Leave the images aside and copy out the whole listing, exact to the word.

*** DATASET CONTENT Section Begins ***

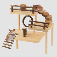 Hosukko Hamster Climbing Toys 3-Tier Extra Large Hamster Playground Natural Wooden Small Animal Platform Toys Hamster Exercise A
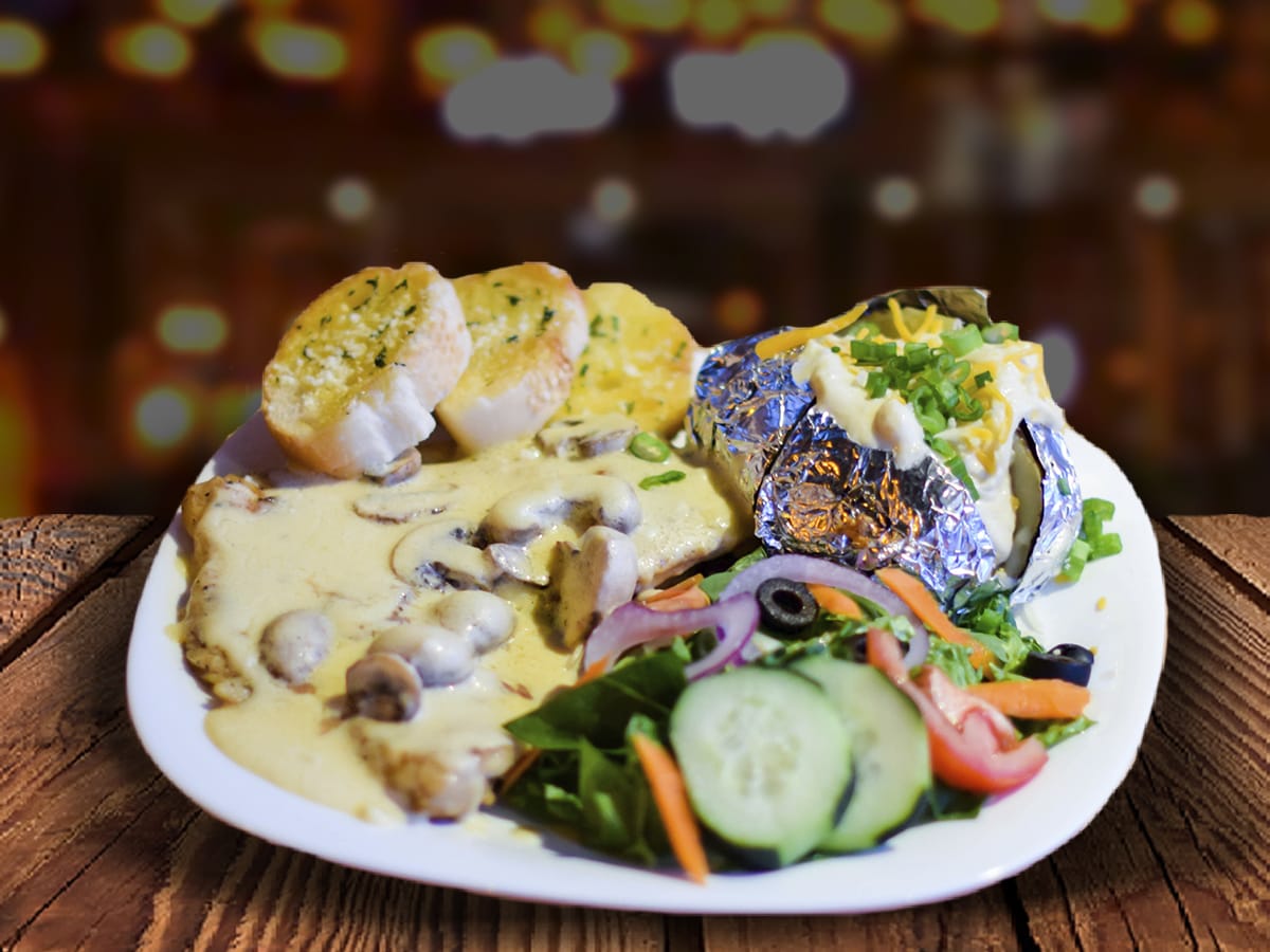 Jugosa pechuga de pollo, acompañada de fresca ensalada, incluyen papas al horno, ensalada y pan de ajo.
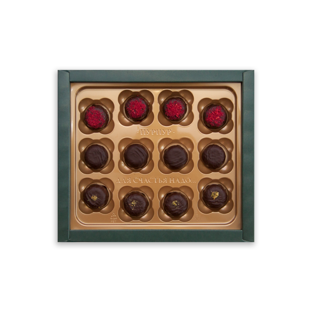 Артикул: 57384Молочный трюфель с малиной и мармеладными каплями в темном шоколаде
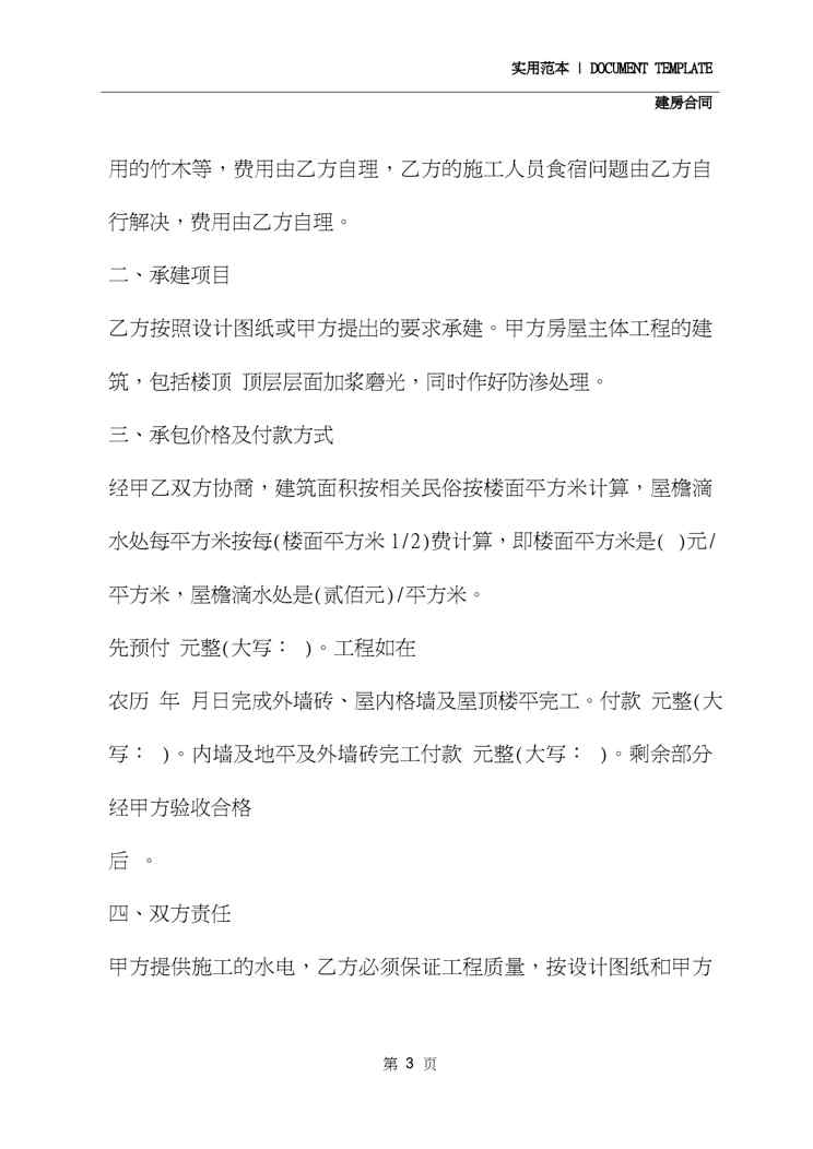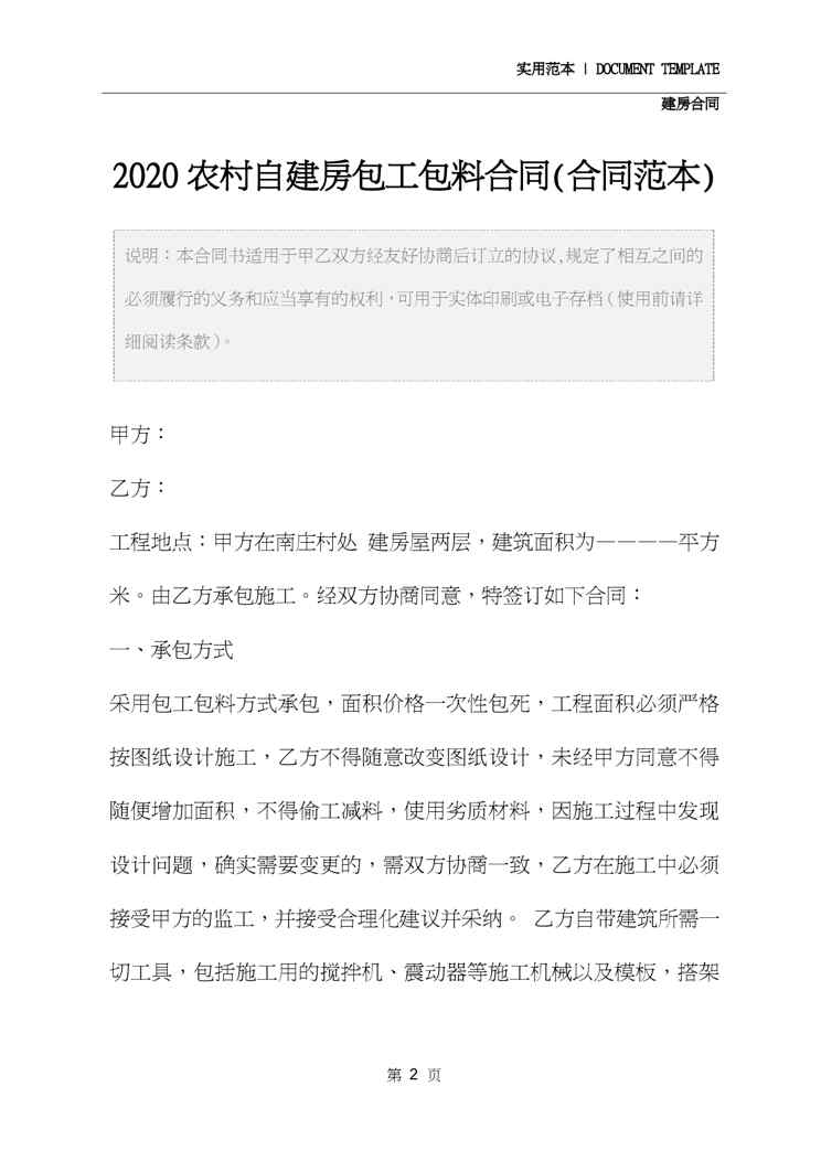 本站资深用户发布了最新的《2020农村自建房包工包料合同(合同范本)》文档,以下内容为预览,详细内容可下载阅读。 声明:本站所有文章,如无特殊说明或标注,均为本站原创发布。任何个人或组织,在未征得本站同意时,禁止复制、盗用、采集、发布本站内容到任何网站、书籍等各类媒体平台。如若本站内容侵犯了原著者的合法权益,可联系我们进行处理。

*** DATASET CONTENT Section Ends ***

▶ **FINAL ANSWER**
 Hosukko Hamster Climbing Toys 3-Tier Extra Large Hamster Playground Natural Wooden Small Animal Platform Toys Hamster Exercise A
 Jugosa pechuga de pollo, acompañada de fresca ensalada, incluyen papas al horno, ensalada y pan de ajo.
 Артикул: 57384Молочный трюфель с малиной и мармеладными каплями в темном шоколаде
 本站资深用户发布了最新的《2020农村自建房包工包料合同(合同范本)》文档,以下内容为预览,详细内容可下载阅读。 声明:本站所有文章,如无特殊说明或标注,均为本站原创发布。任何个人或组织,在未征得本站同意时,禁止复制、盗用、采集、发布本站内容到任何网站、书籍等各类媒体平台。如若本站内容侵犯了原著者的合法权益,可联系我们进行处理。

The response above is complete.